Initially, three-speed gearboxes were considered, but they were rejected on the grounds of excessive weight, the need for more ratios and general simplification, in favour of six-speed transaxles. These were used in conjunction with stepper boxes designed by JCB Transmissions, between each engine and gearbox. The powertrains and final drive units were rigid in order to help to stiffen the car and react the drive torque through the gearbox casing rather than through the chassis. This made a big difference to the vehicle’s dynamic behaviour.
Andy Green changed gear via a steering wheel-mounted paddle-shift mechanism similar to those used in Formula One cars, while torque tubes and oil-immersed multi-plate clutches transmitted the power to the wheels.
Initially 26.5 inch tyres seemed the best option for a crucial area of the car design, but subsequently 23 inch proprietary Goodyears were selected. They conferred very significant aerodynamic advantages because they enabled the profile of the JCB DIESELMAX to be much smaller. In turn that meant it could go faster because it created less drag. But in order to ensure maximum safety the Goodyears had to be validated.
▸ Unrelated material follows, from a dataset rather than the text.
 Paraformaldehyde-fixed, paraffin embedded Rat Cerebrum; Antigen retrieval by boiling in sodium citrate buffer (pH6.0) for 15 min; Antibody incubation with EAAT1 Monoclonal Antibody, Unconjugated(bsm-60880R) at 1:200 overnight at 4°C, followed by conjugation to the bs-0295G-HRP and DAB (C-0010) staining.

That meant conducting a series of exhaustive tests which included free-spinning them to over 400mph, then running them through four cycles up to 350mph under a 1,700lb load on a special test rig at Wright Patterson Air Force Base in Dayton, Ohio.
A careful handling protocol was developed which entailed mounting the tyre and giving it a 12-hour pressure soak at 70psi.
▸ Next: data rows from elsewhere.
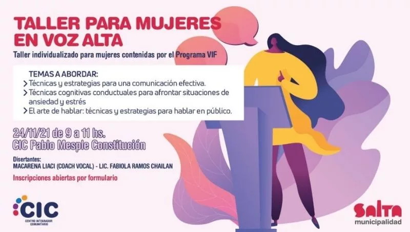 La Municipalidad nuevamente propone actividades para empoderar a la mujer y su familia. Para ello, la Subsecretaría de la Mujer brindará un taller de comunicación denominado “En voz alta” para compartir herramientas con quienes deben pasar por un proceso legal, judicial y de separación por problemática de género y familiar.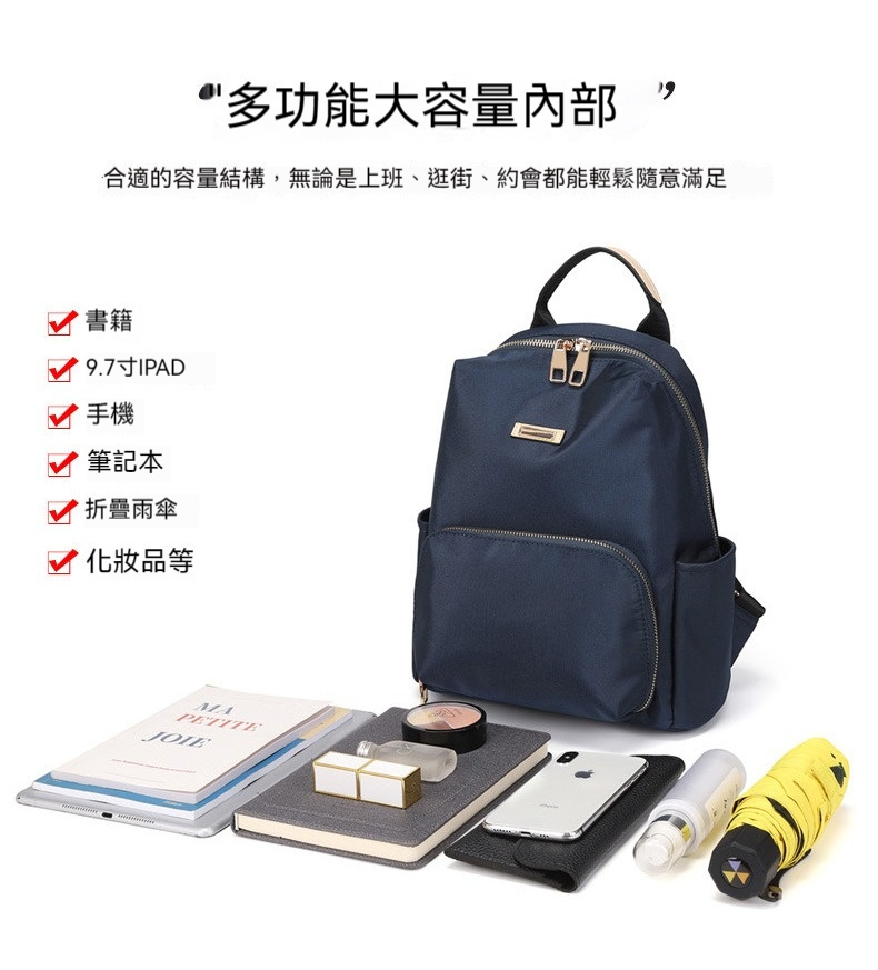 👜結構:拉鍊主袋、內貼袋*2、拉鍊內貼袋、前幅拉鍊袋、後幅防盜拉鍊貼袋
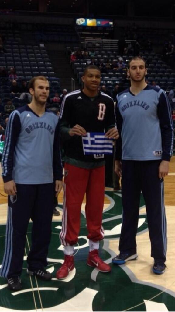 Οι Μιλγουόκι Μπακς του Γιάννη Αντετοκούνμπο τέθηκαν αντιμέτωποι τα ξημερώματα με τους Μέμφις Γκρίζλις των Νικ Καλάθη και Κώστα Κουφού για το ΝΒΑ. Οι τρεις Έλληνες άσοι δεν έχασαν την ευκαιρία να διαφημίσουν το ελληνικό μπάσκετ, αλλά και την χώρα μας, ποζάροντας μαζί πριν την έναρξη του αγώνα με τον Γιάννη Αντετοκούνμπο να κρατά μια ελληνική σημαία.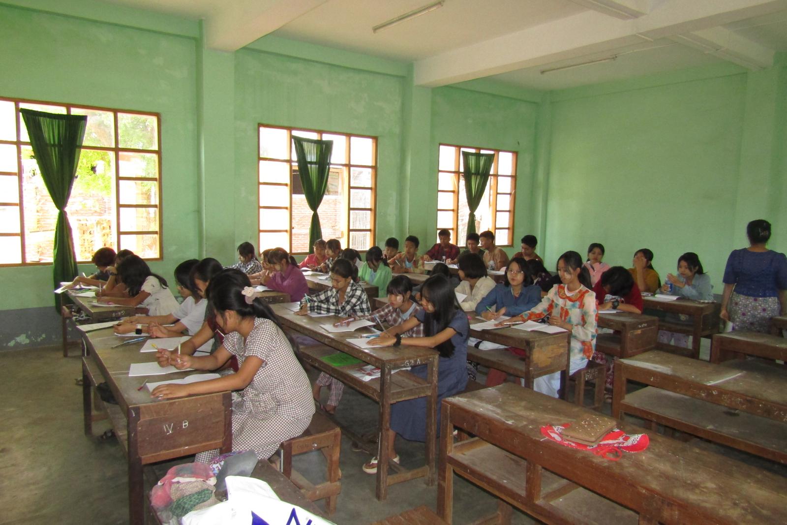 နွေရာသီ English Grammer သင်တန်းကို ဆရာ၊ ဆရာမ (၄) ဦးမှ ပညာဒါနအဖြစ် အခမဲ့ သင်ကြားပေးသွားမည်ဖြစ်ပြီး ကျောင်းသား၊ ကျောင်းသူ(၅၄)ဦး တက်ရောက်လျက်ရှိကြောင်း သိရသည်။

Only when they reached the point at which the tyres showed only very slight tendency to blister after the fourth run could they be sure that they were safe enough for the intended record speed runs. Even so, a careful handling protocol was developed which entailed mounting the tyre and giving it a 12-hour pressure soak at 70psi. Then it got a 20 minute break-in period at 60mph, after which it was allowed to cool to room temperature and then repressurised. They were then stored at 30psi, horizontally, and kept out of hard direct sunlight.
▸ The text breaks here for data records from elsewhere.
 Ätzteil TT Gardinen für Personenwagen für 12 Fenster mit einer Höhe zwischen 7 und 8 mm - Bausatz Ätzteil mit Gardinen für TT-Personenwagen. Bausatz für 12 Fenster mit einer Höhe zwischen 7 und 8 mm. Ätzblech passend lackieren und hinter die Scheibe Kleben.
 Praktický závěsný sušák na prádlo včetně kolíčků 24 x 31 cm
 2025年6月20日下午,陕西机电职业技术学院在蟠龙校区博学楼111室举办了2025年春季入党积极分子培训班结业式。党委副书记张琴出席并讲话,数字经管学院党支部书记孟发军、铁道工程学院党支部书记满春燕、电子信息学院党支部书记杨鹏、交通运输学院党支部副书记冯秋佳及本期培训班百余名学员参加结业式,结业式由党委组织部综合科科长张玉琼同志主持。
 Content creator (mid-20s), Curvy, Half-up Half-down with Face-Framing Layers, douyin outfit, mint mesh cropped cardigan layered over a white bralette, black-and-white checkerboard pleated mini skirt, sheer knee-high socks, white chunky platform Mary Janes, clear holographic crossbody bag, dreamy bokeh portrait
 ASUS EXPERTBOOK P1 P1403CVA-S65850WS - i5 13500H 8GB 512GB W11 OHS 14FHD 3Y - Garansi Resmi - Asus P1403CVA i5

There had been several vehicles in the past which had not bothered at all with any kind of springing medium, Chief Designer John Piper was adamant from the outset that the JCB DIESELMAX must have a proper suspension system to maximise both elements and to ensure adequate stability at high speed. He specified conventional heavy-duty titanium wishbone suspension front and rear, with coil springs and hydraulic dampers. The wishbones were kept particularly short in order to keep the suspension geometry as perfect as possible and minimise any camber change that might lead to loss of grip or traction. It was also vital to incorporate ride height adjustment.
Grip and traction are key elements in any Bonneville streamliner.
The rake of the car - the difference between front and rear ride height - can exert a critical effect on its overall aerodynamic performance, so it was extremely important that there was a sufficiently wide range of adjustment to enable a number of permutations to be tested. The suspension at each end of the car was mounted on a subframe and each engine pivoted with its subframe when any ride height adjustment was made. In this way the principal system could accommodate a range of tyre sizes, ranging from the original 26.5 inch choice to the option of 23 inch Goodyears on which JCB DIESELMAX eventually ran.